Some days, I just can’t handle the aggrevation…

I thought it was generally known that binary build output does not belong in source control, so I was quite dismayed when I grabbed an update to our source tree today and found myself downloading a 2MB .msi file (the output of one of our installer projects).

After discussing this with the other developers on my team, it became apparent that what I thought was a common, well known practice regarding source control is in fact, not so well known.

After presenting my arguments with little avail, I started to scour the web to find evidence support my stance:

Visual Studio Team System Guidance

What Files Should Not Be Source Controlled?
Build outputs that include assembly dynamic-link libraries (DLLs), Interop assembly DLLs and executable files (EXEs). Note that you are advised to add assemblies that are not built as part of your system build process (such as third-party controls and libraries) to Source Control within the projects that reference them.

Top 15 Ant Best Practices

Generally, avoid storing build output in version control. Provided that your source code is versioned properly, you should be able to recreate any previous release through the build process.
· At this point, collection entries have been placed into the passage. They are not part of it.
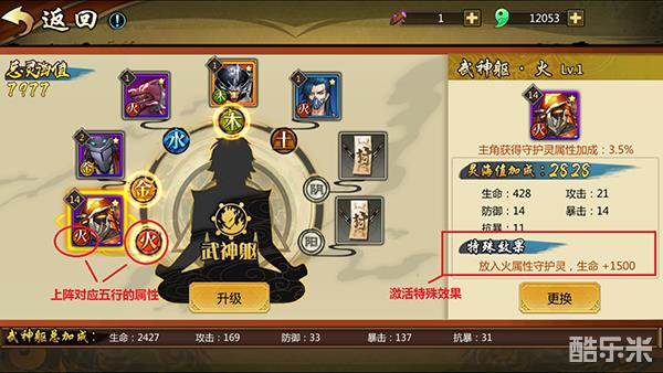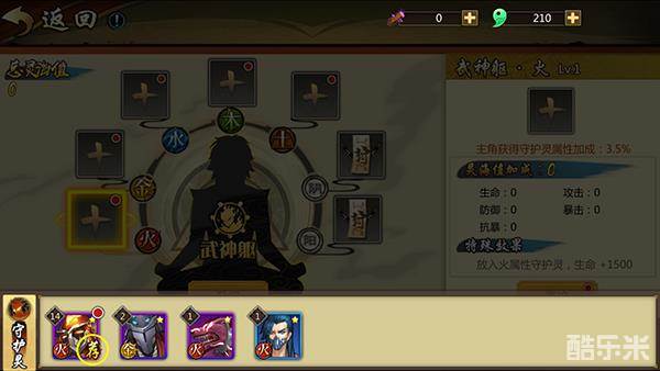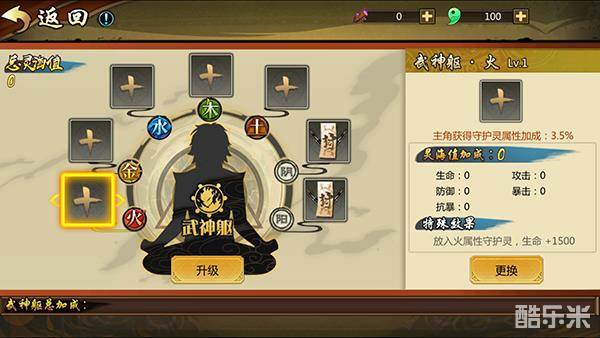 武神躯槽位分为金、木、水、火、土、阴、阳共七个槽位,在槽位中上阵对应五行属性的守护灵就能获得额外特殊效果的属性加成,阴和阳两个槽位上阵任何守护灵都会获得特殊效果加成。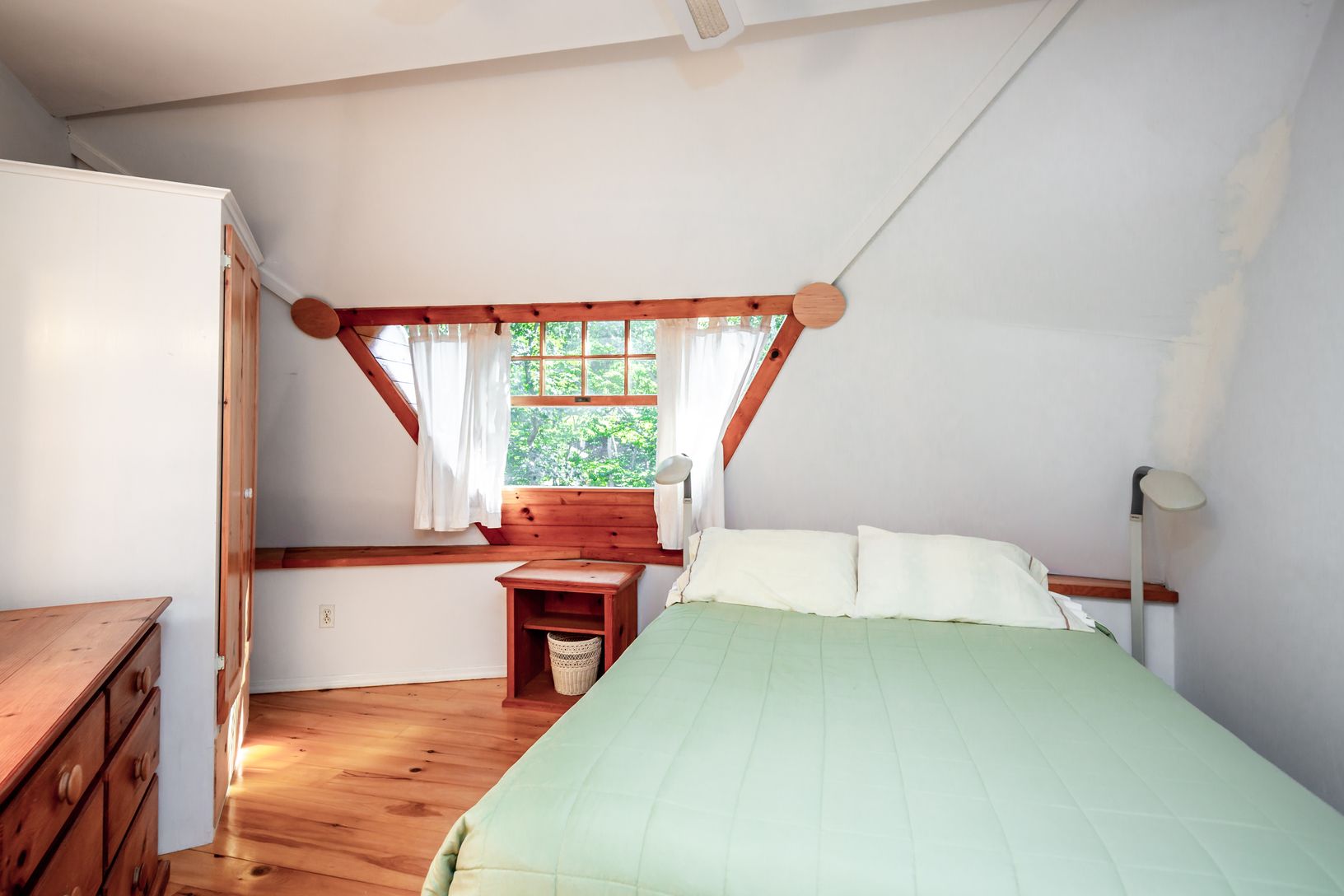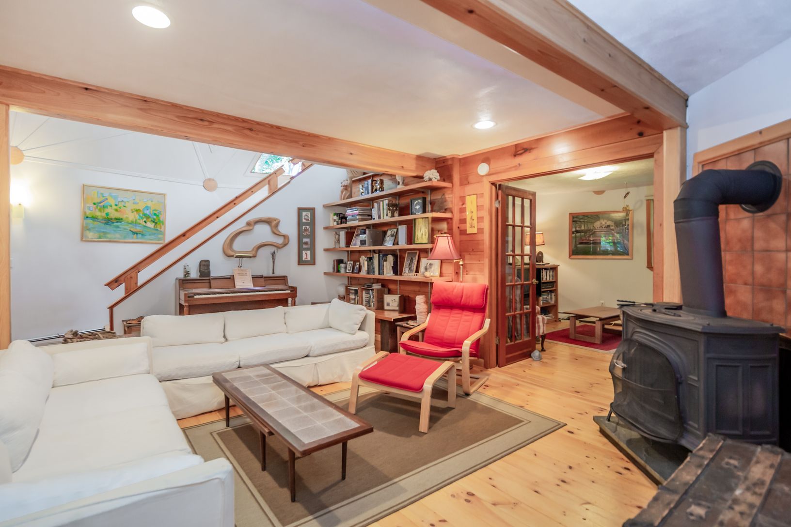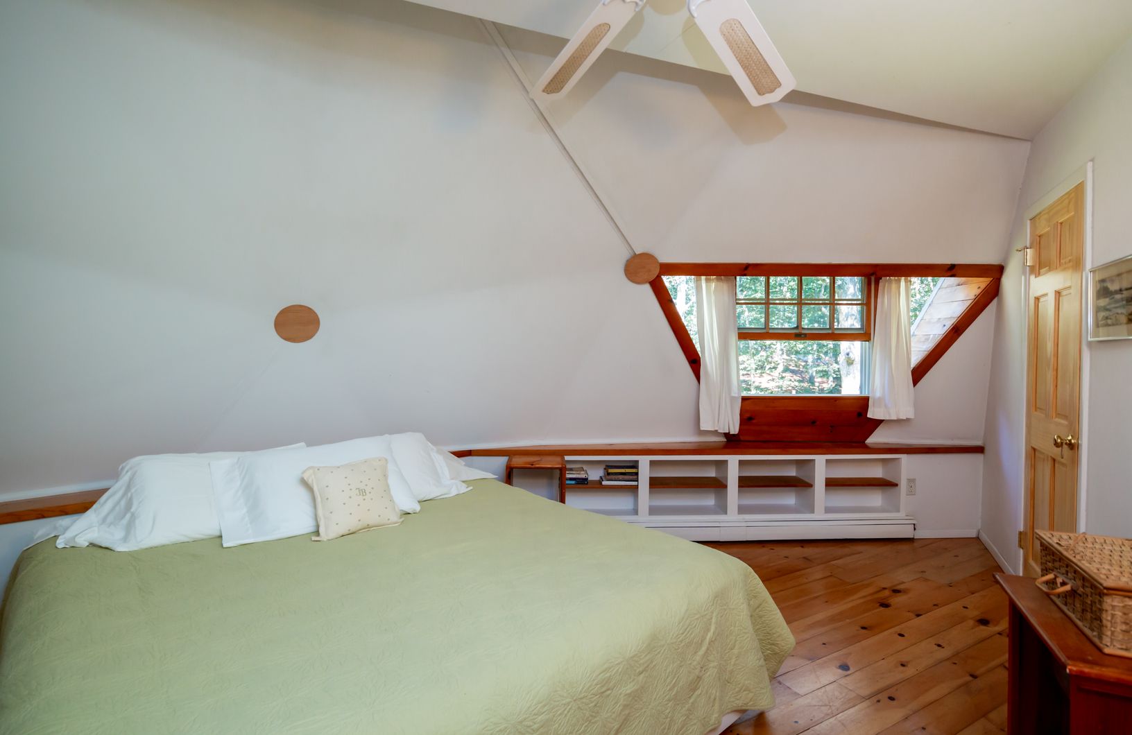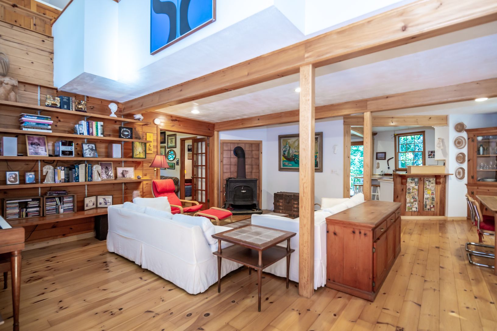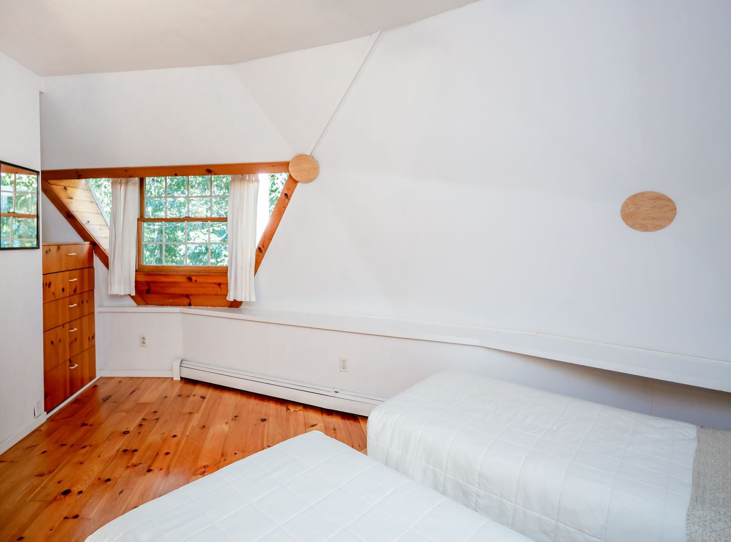 Inspired by Buckminster Fuller's geodesic design, this unique architecture evokes a cool California vibe with an open airy interior and an abundance of natural light that flows throughout. The first floor is comprised of an expansive living room, dining area, kitchen, den, and guest bedroom with ensuite bathroom. The second story holds a very secluded master bedroom with ensuite bathroom, two additional guest bedrooms, and a guest bathroom. Th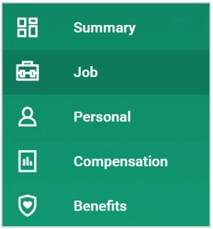 4、档案左侧有一系列选项卡,包含有关您的工作、联系方式、薪酬、职业生涯和绩效的详细信息。一些选项卡可以编辑信息。点击选项卡查看更多信息。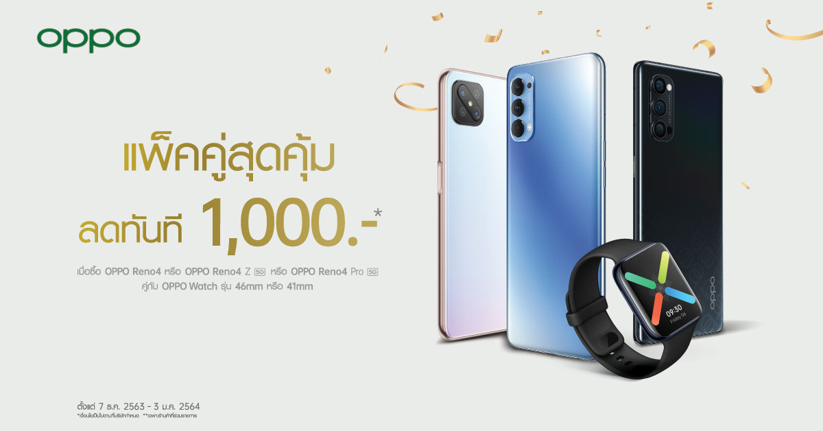 23 ธันวาคม 2563 : ช่วงปีใหม่นี้ใครที่กำลังมองหาเช็ตของขวัญสมาร์ทโฟนถ่ายภาพสวย พร้อมอุปกรณ์ IoT ห้ามพลาดกับเซ็ตแพ็คคู่สุดคุ้ม เมื่อซื้อ OPPO Reno4 Series ประกอบด้วย OPPO Reno4, OPPO Reno4 Z 5G หรือ OPPO Reno4 Pro 5G คู่กับ OPPO Watch Series ประกอบด้วย OPPO Watch 46mm หรือ OPPO Watch 41mm รับส่วนลดทันที 1,000 บาท! ตั้งแต่วันนี้ – 3 มกราคม 2564

Introducing Source Control

Files that you cannot add to source control include the following:

…Build output files, for example, *.dll and *.exe files.

SandCastle Discussion

We do not include the *.xml outputs in source control for the same reason that we do not include *.htm outputs; you can’t run a new build without checking out the files! In my view, whether an output is a *.dll or a *.htm or a *.xml is irrelevant; it’s build output, so it shouldn’t be source controlled. Just source control the inputs and you have everything you need to get the outputs.

It is very important to us to be able to run an automated build (no human intervention). To the extent that a future version does include a dialog that offers to check out files, I hope it will either not run at all if the files are not source-controlled, or it can be suppressed by project settings.

Source Control HOWTO: Repositories

Best Practice: Checkin all the Canonical Stuff, and Nothing else.

Although you can store anything you want in a repository, that doesn’t mean you should. The best practice here is to store everything which is necessary to do a build, and nothing else. I call this “the canonical stuff.”

To put this another way, I recommend that you do not store any file which is automatically generated. Checkin your hand-edited source code. Don’t checkin EXEs and DLLs. If you use a code generation tool, checkin the input file, not the generated code file. If you generate your product documentation in several different formats, checkin the original format, the one that you manually edit.

If you have two files, one of which is automatically generated from the other, then you just don’t need to checkin both of them. You would in effect be managing two expressions of the same thing. If one of them gets out of sync with the other, then you have a problem.

So not only is it a pain in the ass to have to download large binary files for a one line code changes, it also means that simply compiling the code (with no changes in the actual code) may cause a version change…argh!

I think that such a practice of disallowing build output in the repository also forces the team members to ensure that their code is buildable anywhere…a great quality when it comes to codebases as it means that onboarding new members or transitioning development machines, the code is ready to go.